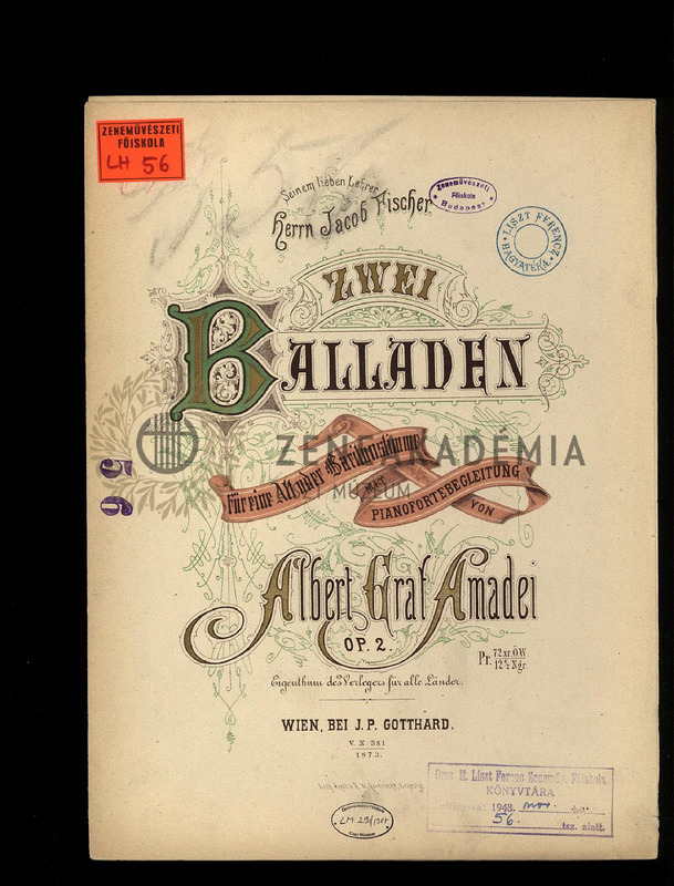 Zwei Balladen für eine Alt oder Baritonstimme mit Pianofortebegleitung. Op. 2.
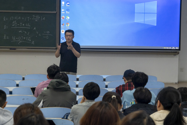 金鑫结合学科发展趋势与学生成长需求,为新生解析菁英班的育人优势。他通过往届优秀毕业生案例,生动展现了菁英班学生在科研竞赛、学术深造及就业发展中的突出表现,并指出:“菁英班不仅是学术能力提升的平台,更是责任意识与创新精神的培育基地。”他鼓励学生们多尝试不同的专业方向,找到自己真正热爱的领域。在互动环节,金鑫教授就学生提出的专业分流、课程设置等问题逐一解答,现场气氛热烈。
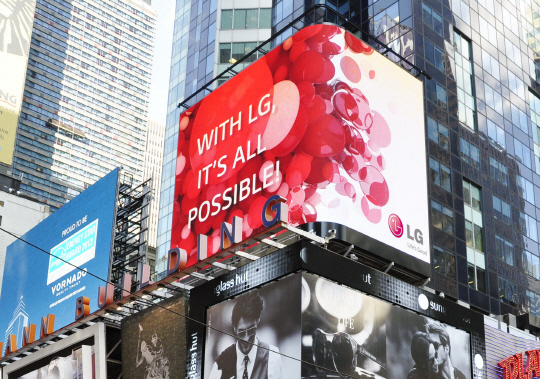 LG전자는 1일 '잇츠 올 파서블' 테마와 '레드 서클'을 적용한 브랜드 광고 영상을 뉴욕 타임스퀘어 전광판에 상영함으로써 글로벌 브랜드 마케팅 강화의 신호탄을 울렸다.
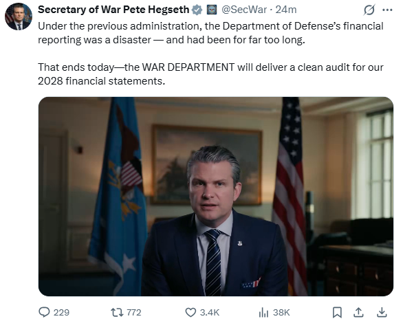 Hegseth wants a clean audit of the Pentagon in 2028https://x.com/SecWar/status/2049259754178965829
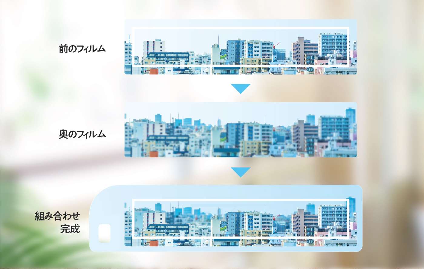 SCENEの大きな特徴として2枚の写真フィルムを前方と後方に2枚重ねる事により立体的な表現をしています。重ねた写真の距離感や透明度など数十回サンプルを製作しSCENEが完成しました。
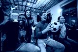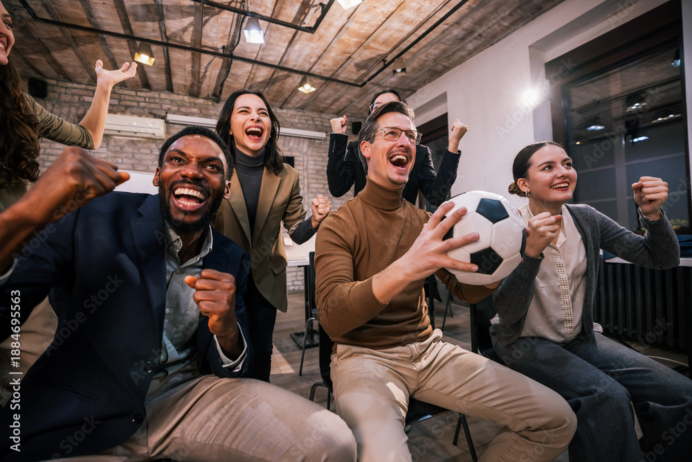 Happy office team watching a football game during a work break, cheering and celebrating together, with one person holding a football, symbolizing unity and work life balance.
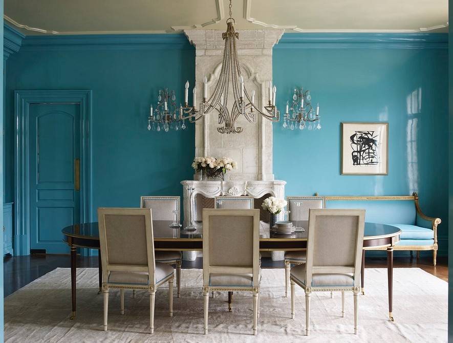 - 60 % — доминирующий цвет. Самый простой вариант — окрасить в главный тон стены и выбрать оттенок из нейтральной палитры. Можно выбирать и яркие краски, но только при условии, что все остальное будет нейтральных тонов.
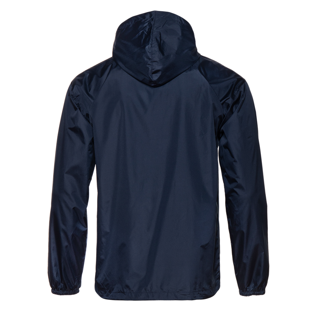 Ветровка прямого силуэта с глубоким капюшоном, спущенной линией плеча, прорезным карманом и застежкой на молнию. Для дополнительной защиты от ветра изделие дополнено эластичной резинкой на рукаве и кулисой по линии низа.
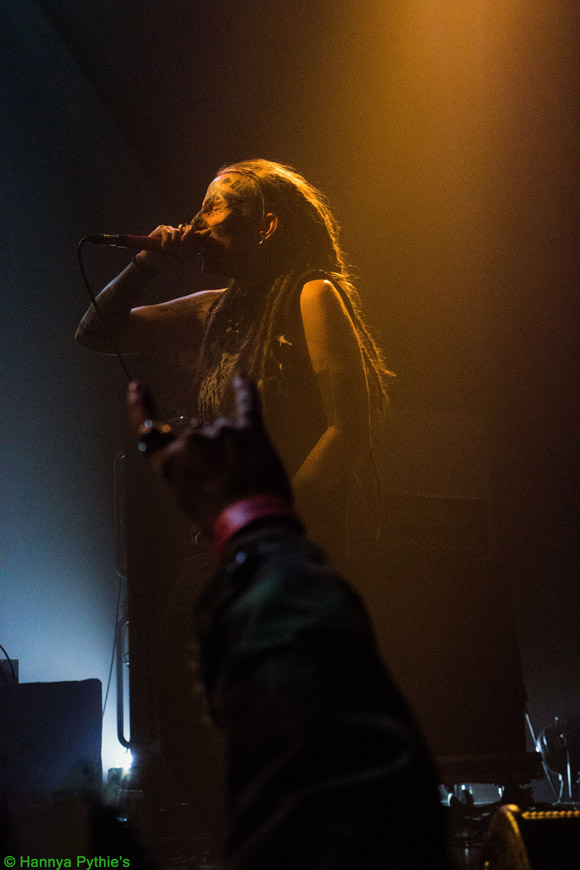 On passe directement à l’Auditorium pour le groupe WitchFinder. Je suis envoûtée par une musique, une voix et rien d’autre. je ne peux m’empêcher d’observer ce chanteur très expressif et je me laisse porter, comme le reste du public, par ce son ensorcelant. La salle est petite mais à travers la fumée qui l’envahit et cette voix mystique, il suffisait que je ferme les yeux quelques secondes pour me sentir ailleurs.
────────────────
Skip every picture, and restate word for word only the lines above from the line containing "金鑫结合学科发展趋势与学生成" to the line containing "Hegseth wants a", both of them included.

*YOUR RESPONSE*
 金鑫结合学科发展趋势与学生成长需求,为新生解析菁英班的育人优势。他通过往届优秀毕业生案例,生动展现了菁英班学生在科研竞赛、学术深造及就业发展中的突出表现,并指出:“菁英班不仅是学术能力提升的平台,更是责任意识与创新精神的培育基地。”他鼓励学生们多尝试不同的专业方向,找到自己真正热爱的领域。在互动环节,金鑫教授就学生提出的专业分流、课程设置等问题逐一解答,现场气氛热烈。
 LG전자는 1일 '잇츠 올 파서블' 테마와 '레드 서클'을 적용한 브랜드 광고 영상을 뉴욕 타임스퀘어 전광판에 상영함으로써 글로벌 브랜드 마케팅 강화의 신호탄을 울렸다.
 Hegseth wants a clean audit of the Pentagon in 2028https://x.com/SecWar/status/2049259754178965829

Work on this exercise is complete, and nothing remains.